Apesar da relevância dos achados, é preciso considerar a heterogeneidade dos indicadores entre diferentes regiões com transmissão, uma vez que esses variam de acordo com ações, rotinas, disponibilidade de suprimentos, estrutura de serviços de saúde e de vigilância, questões culturais e políticas. O PSAF é uma ferramenta que foi desenvolvida com base nos dados dos Estados Unidos para a avaliação inicial da gripe pandêmica e, no próprio documento, é feita a ressalva de que reavaliações sucessivas são importantes, pois as informações são dinâmicas. O SARS-CoV-2 é um vírus respiratório diferente do vírus da influenza, cujo comportamento ainda não foi totalmente esclarecido; além disso, a aplicação desses indicadores no contexto social, político e epidemiológico de outros países pode levar a resultados diferentes do esperado.

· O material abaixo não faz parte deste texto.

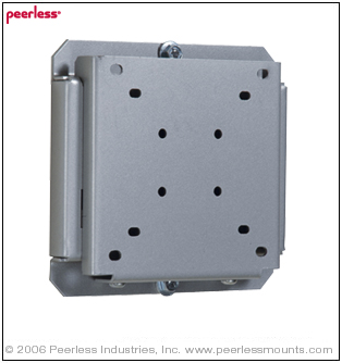Peerless Flat Wall Mount for Small LCD 10"-24" Screens - SF630P - The SmartMount® Universal Flat Wall Mount supports virtually any 10" to 24" flat panel screen. The ultra-slim wall plate keeps the screen close to the wall for a very discreet installation that is perfect for digital signage, POS stations, or office applications. For a quick and easy installation it may be mounted to a single wood stud, concrete or cinder block. Mounts to metal stud using accessory metal stud fasteners. Compatible with VESA 75mm and 100mm mounting hole patterns.
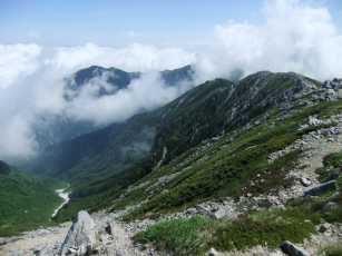 おにぎりを持つ手をふと見ると、真っ赤になっていました。しまったぁ!千畳敷駅に着いたとき、千畳敷カールの素晴らしさに心を奪われて、日焼け止めを塗るのをすっかり忘れていました!うっわ〜、両手の甲、真っ赤で痛い。ほぼ火傷状態です(涙)。はぁ〜、大失敗。 木曽駒ケ岳からの眺めを堪能しながら、ふと中岳に目をやると、下からガスというか雲が湧き上がってきて、アッと言う間に、それまで目の前にあった中岳が雲の中に隠れてしまいました。ええ〜!!この距離で中岳が見えなくなるのですかぁ!ビックリ。 |
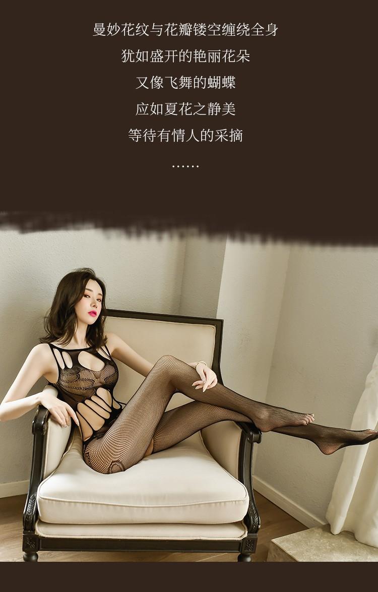 Fei Mu - Ropa interior sexy con entrepierna abierta, medias de seda, perspectiva, conjunto de uniforme, medias de red negras, comercio exterior 7550

Essa análise da epidemia de Covid-19 deve ser modificada quando novas informações forem sendo adicionadas. Contudo, ressalta-se a necessidade de que a comunidade científica e as equipes nacionais e internacionais de vigilância epidemiológica tenham muita cautela ao monitorar as tendências da epidemia, analisando criticamente os instrumentos disponíveis para entender a situação.